Physical characteristics
- • location: Savage Pond in Plainville, Massachusetts
- • coordinates: 42°01′16″N 71°21′28″W﻿ / ﻿42.0210°N 71.3578°W
- • location: Seekonk River in East Providence, Rhode Island
- • coordinates: 41°50′17″N 71°22′15″W﻿ / ﻿41.8380°N 71.3708°W
- Length: 22 miles (35 km)
- Basin size: 54 square miles (140 km^{2})

Basin features
- River system: Narragansett Bay River System

= Ten Mile River (Seekonk River tributary) =

River in Massachusetts and Rhode Island, United States

The Ten Mile River is a river within the U.S. states of Massachusetts and Rhode Island. It flows approximately 22 mi and drains a watershed of 54 sqmi.

The North Attleborough National Fish Hatchery is located in its upper reaches, and the river offers stocked trout fishing in the spring.

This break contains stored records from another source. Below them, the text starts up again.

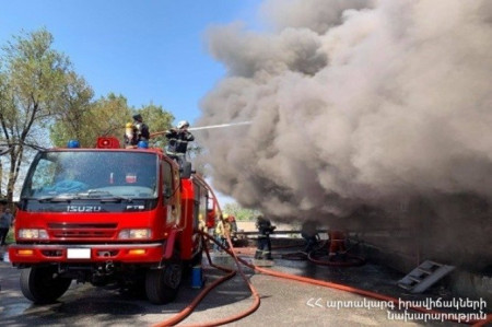 Крупный пожар полыхает на одном из складов Еревана: на месте работают 6 боевых расчетов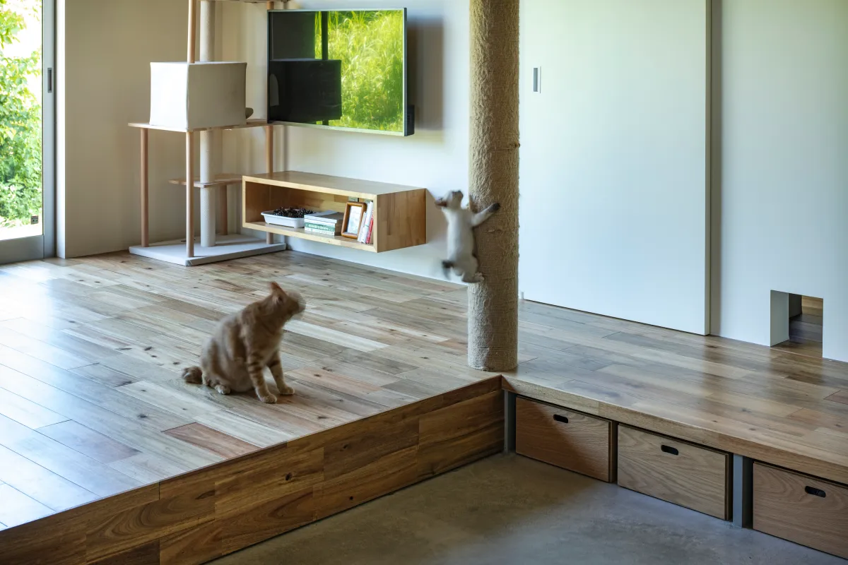 内装は、猫が壁をひっかいても補修しやすいよう塗装仕上げとしました。長く使えることを優先したことで、長期的に見ればコストダウンにもつながります。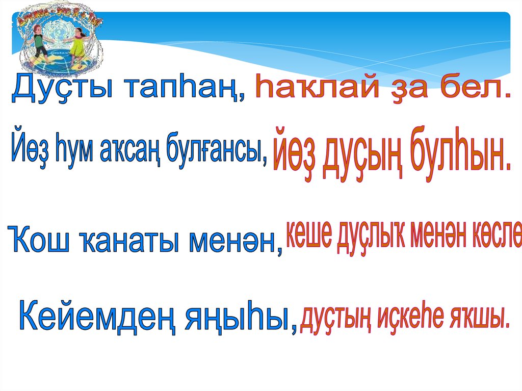 Балалар, әйҙәгеҙ дуҫйәшәйек!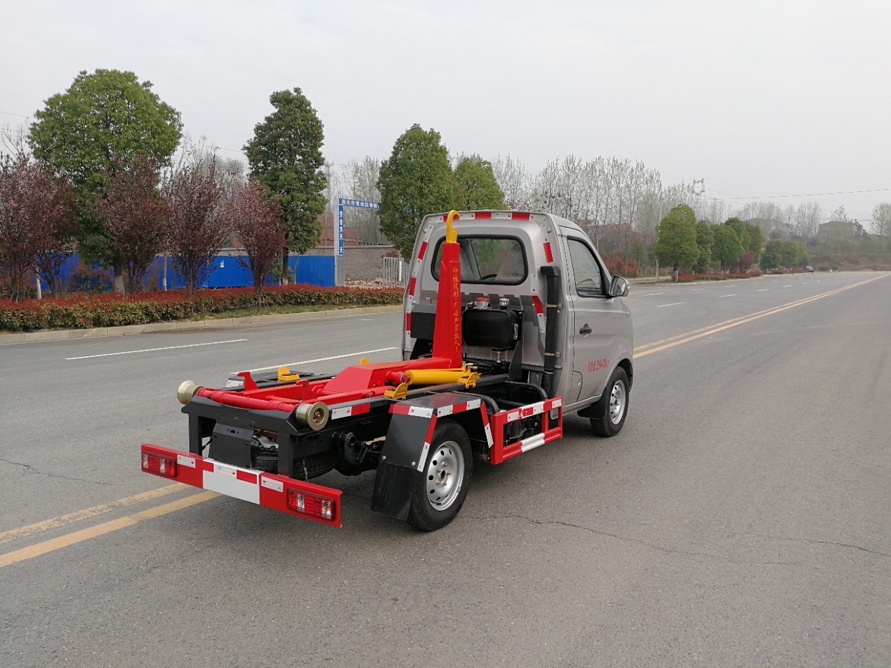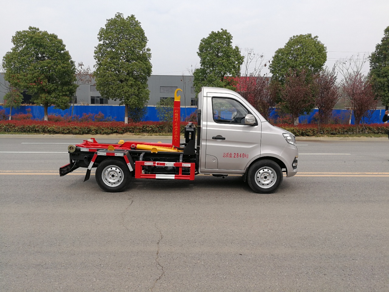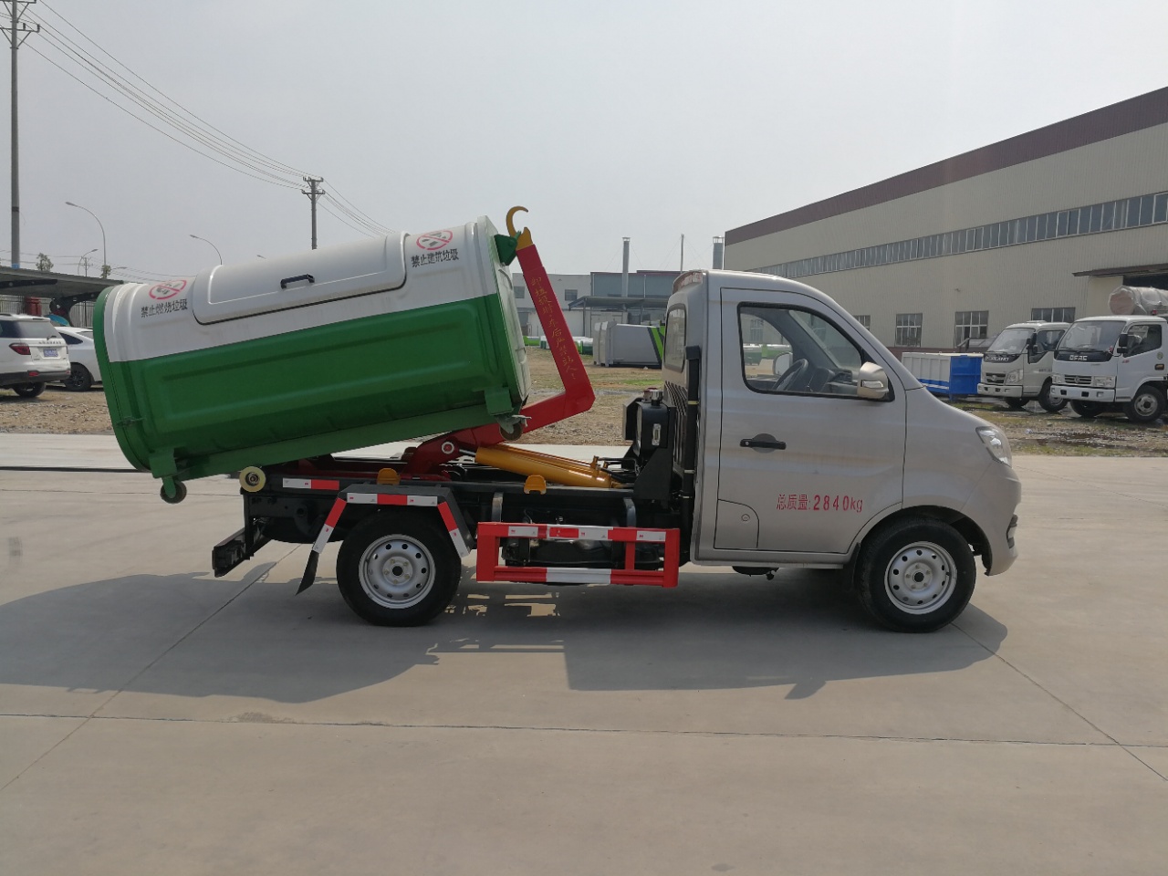 勾臂垃圾車標配:由液壓系統、操作系統、拉臂,組成。舉升油制缸為國內知名液壓件廠家生產的雙作用油缸,多路閥液壓控制,操作員手動控制垃圾廂吊上放下,帶自卸功能,上下一次工作循環時間≤40秒。垃圾箱冷板壓制垃圾箱,帶后門密封圈,帶金屬滾動輪。

The Ten Mile River was badly polluted in the mid 1900s but has subsequently been remediated. Although there are still issues with metals and sediments in the water, the river and nearly all its tributaries are now designated as Class B waters (fishable, swimmable).

==Course==
The river begins at Savage Pond, near the corner of High and Chestnut Streets, in Plainville, Massachusetts. From there, it flows generally south through North Attleborough, Attleboro and Seekonk before entering Rhode Island and flowing through Pawtucket and East Providence where it flows over the Omega Dam into the Seekonk River.

==Crossings==
Below is a list of all crossings over the Ten Mile River. The list starts at the headwaters and goes downstream.
- Plainville
  - High Street
  - Fuller Street
  - West Bacon Street
  - Cooney Avenue
- North Attleborough
  - Broad Street
  - North Washington Street
  - Fisher Street
  - East Washington Street (U.S. 1) (Twice)
  - Chestnut Street
  - East Washington Street (U.S. 1)
  - Mount Hope Street
  - Towne Street
  - Freeman Street
  - Clifton Street
  - Cedar Road
- Attleboro
  - Clifton Street
  - Interstate 295
  - Interstate 95
  - West Street
  - Water Street
  - Mechanic Street
  - Hodges Street
  - Riverbank Rd
  - County Street (MA 123)
  - Wall Street
  - Olive Street
  - Lamb Street
  - Thacher Street
  - Tiffany Street
  - Bridge Street
- Seekonk
  - Pond Street
- Pawtucket
  - Central Avenue
  - Armistice Boulevard (RI 15)
- East Providence
  - Newman Avenue (RI 152)
  - Pleasant Street
  - Pawtucket Avenue (U.S. 1A/RI 114)
  - North Broadway
  - Roger Williams Avenue
  - Providence & Worcester Railroad Bridge

==Tributaries==
In addition to many unnamed tributaries, the following brooks and rivers feed the Ten Mile:
- Blageddy Stream
- Scotts Brook
- Mire Brook
- Rattlesnake Brook
- Bungay River
- Thacher Brook
- North Brook
- South Brook
- Sevenmile River
- Hidden Hollow Brook
- Daggett Farm Brook
- Wilde River
- Coles Brook (not to be confused with Cole River)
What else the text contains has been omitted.